Researchers discovered objects with copper and oxygen that had superconducting properties about 25 years ago and have been studying them extensively. To this point, they have “yet to find a satisfactory explanation of this phenomenon,” Dean said.

Dean is eager to refine the experiments when the National Synchrotron Light Source II comes online in 2015. At the NSLS-II, researchers will produce X-rays that are 10,000 times brighter than the current NSLS, enabling researchers to analyze the structure of new materials.

Chris Howard, a lecturer in the Department of Physics and Astronomy at University College in London, U.K., has confidence that Dean, with whom he has collaborated since 2007, will build on his success.

Dean is “currently proving his ability with a string of important and far-reaching publications in superconductivity and materials physics,” Howard offered. He called Dean a “real doer” and observed that he “is rapidly gaining the respect of the community he works in.” Howard appreciates the combination of Dean’s technical expertise, scientific discipline, writing skills, analytical skills and experimentation abilities.

Growing up in Broadstairs, Kent, a coastal town in southeast England, Dean developed an interest in science when he was young, where nature, through insects and wildlife documentaries and trips to zoos, appealed to him.

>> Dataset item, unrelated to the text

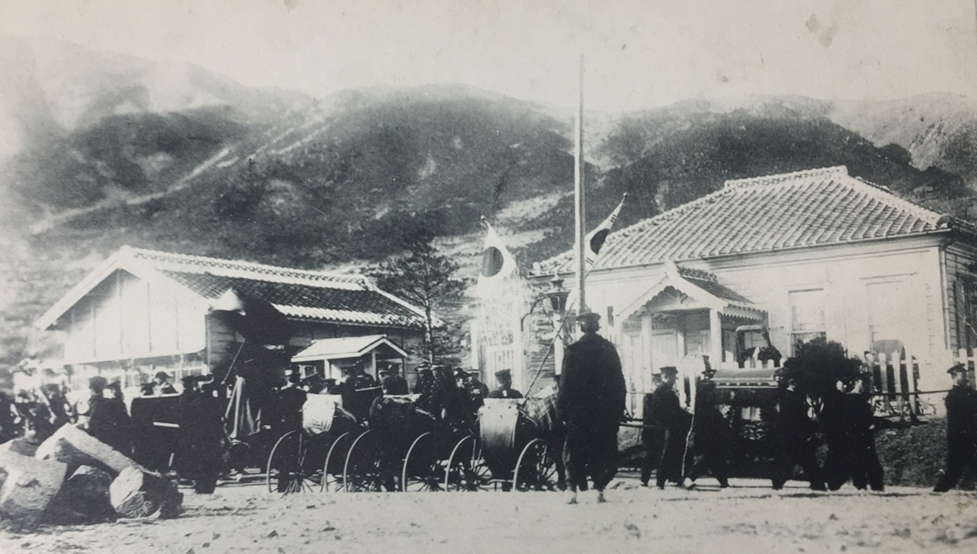 특히 폐하가 지나가실 각국거류지 대로변의 모든 집들은 양국기를 그린 천막으로 점포를 가리고 마산역 서쪽 매립지에는 불꽃을 쏘아 올리게 터를 잡았다. 행재소인 이사청 청사 및 이토 통감의 숙소인 언덕 위의 이사관 관저에는 빠짐없이 장식을 걸어놓고 어가의 도착을 기다린 것이다.

“As I grew older, the elegance of physics is what caught me,” he said. “The idea to conceptualize something and write down a formula: it’s such a beautifully efficient way of explaining something. You can convey a spectacular amount of information if you know how to write down the formula to describe it.”

A resident of Rocky Point, Dean came to the United States immediately after earning his doctorate. He enjoys mountain biking.

As for his work, Dean said the first semiconductor transistor was made at Bell Labs without any thought for its possible connection to the computer. It was made by scientists who were working to understand the properties of semiconductors. They didn’t realize this would lead to a semiconductor-based computer.

In a similar way, he said, by studying materials with novel properties, scientists will create “opportunities to make interesting new devices.”